1. 1st order in \mu (assume u_\perp = 0)

\iint \mathcal{M}'\mu \mathbf{b}_0(\mathbf{x}) d v_\parallel d \mu = n(\mathbf x) \int^\infty_0 \frac{1}{v_{th, \perp}²} \frac{v^2_\perp}{2} \text{exp} \left[-\frac{v_\perp²}{2 v²_{th \perp}}\right] d \mu = n(\mathbf x) \int^\infty_0 \frac{1}{v_{th, \perp}²} \frac{v_\perp³}{2B(\mathbf x)} \text{exp} \left[-\frac{v_\perp²}{2 v_{th \perp}²}\right] d v_\perp = n(\mathbf x) \frac{v_{th, \perp}²}{B}

Gaussian integral \int^\infty_0 x^{2n+1} \text{exp}\left[-\frac{x²}{a²}\right] dx = \frac{n!}{2}a^{2n+2} is used.

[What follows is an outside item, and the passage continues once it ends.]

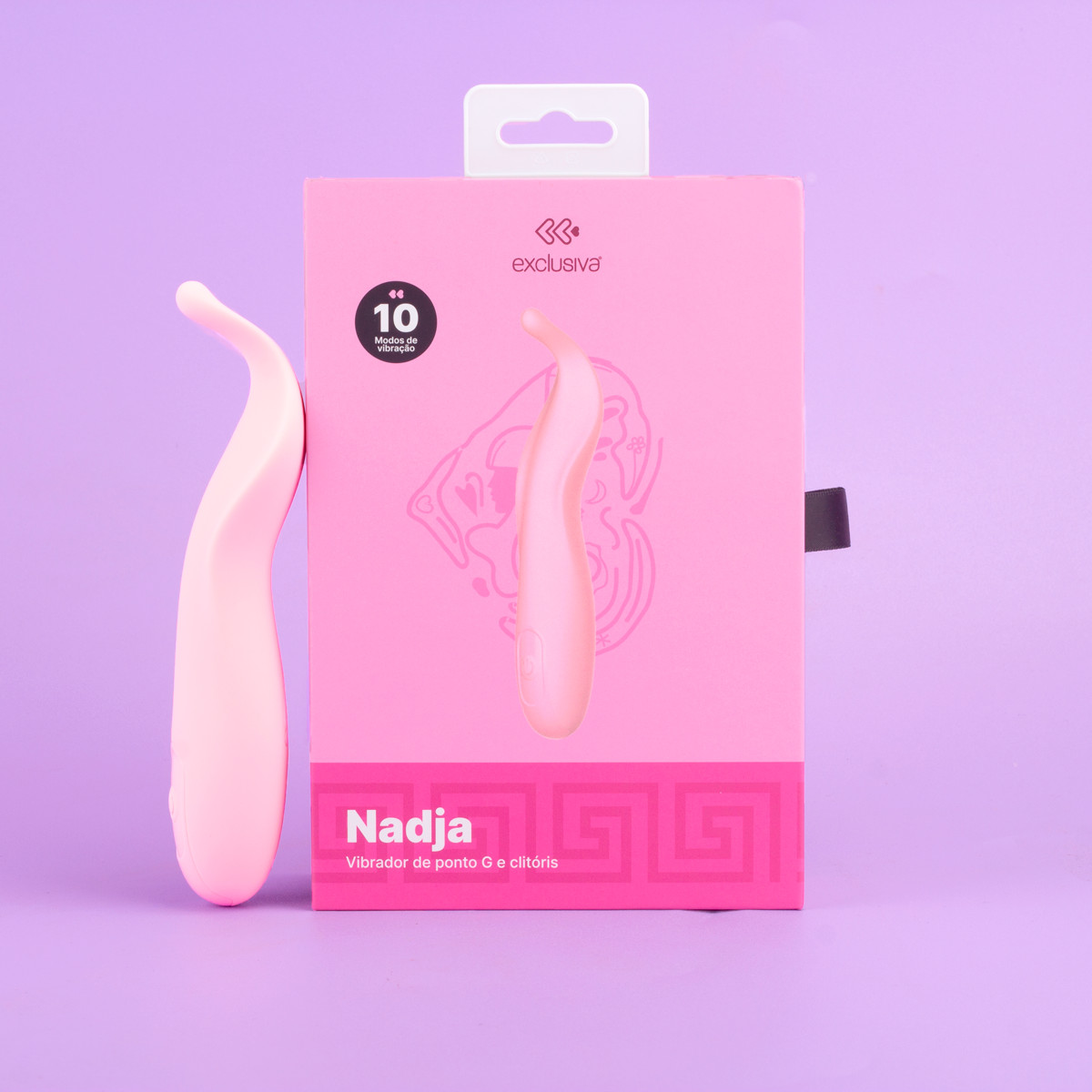 Sinta o prazer infinito com o estimulador de ponto G e clitóris Exclusiva Nadja, feito em silicone macio e equipado com 10 modos de vibração. Ele é perfeito para intensificar suas experiências de prazer, seja sozinha ou acompanhada!
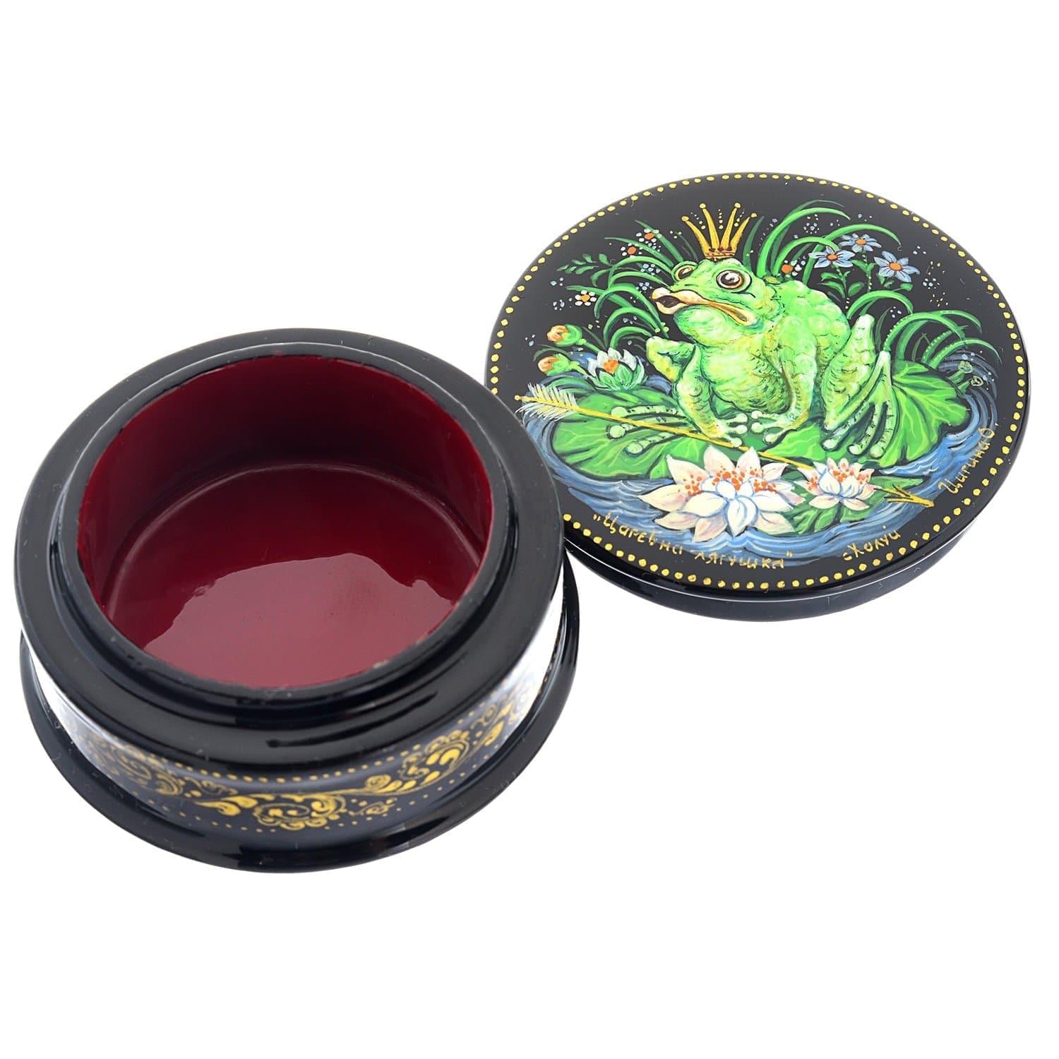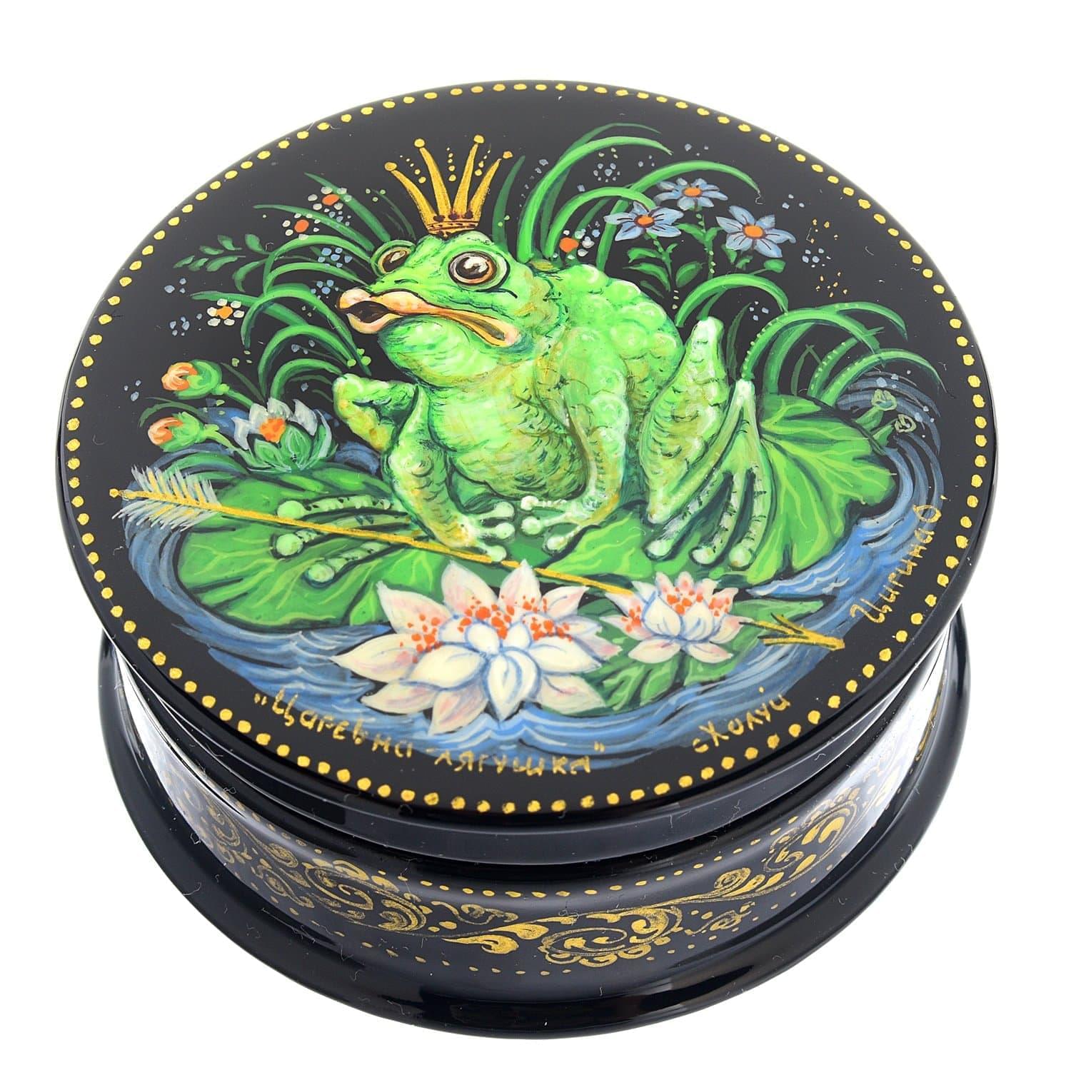 Царевна-лягушка - культовый персонаж русской волшебной сказки. В короне, сидя в куста, лягушка поет и насвистывает, предчувствуя хэппиэнд. Ее лирический образ представлен в рамках колоритной композиции на крышке шкатулки ручной работы с черным фоном... ....Извините, товар отсутствует

2. 2nd order in v_\parallel

\iint \mathcal{M}'\frac{1}{B^*_\parallel(\mathbf{x}, v_\parallel)} v_\parallel² d v_\parallel d \mu = n(\mathbf x) \int^\infty_{-\infty} \frac{1}{\sqrt{2\pi}} \frac{1}{B^*_\parallel(\mathbf x, v_\parallel)} v_\parallel² \text{exp} \left[ -\frac{(v_\parallel - u_\parallel)²}{2 v_{th \parallel}²} \right] d v_\parallel

approximate B^*_\parallel(\mathbf x, v_\parallel) \approx B^*_\parallel(\mathbf x) = B(\mathbf x) + \epsilon u_\parallel (\nabla \times \mathbf b_0 (\mathbf x))

= n(\mathbf x) \frac{v_{th \parallel}² + u_\parallel²}{B^*_\parallel (\mathbf x)}

Gaussian integral \int^\infty_0 x^{2n} \text{exp}\left[-\frac{x²}{a²}\right] dx = \sqrt{\pi} \frac{a^{2n+1} (2n-1)!!}{2^{n+1}} is used.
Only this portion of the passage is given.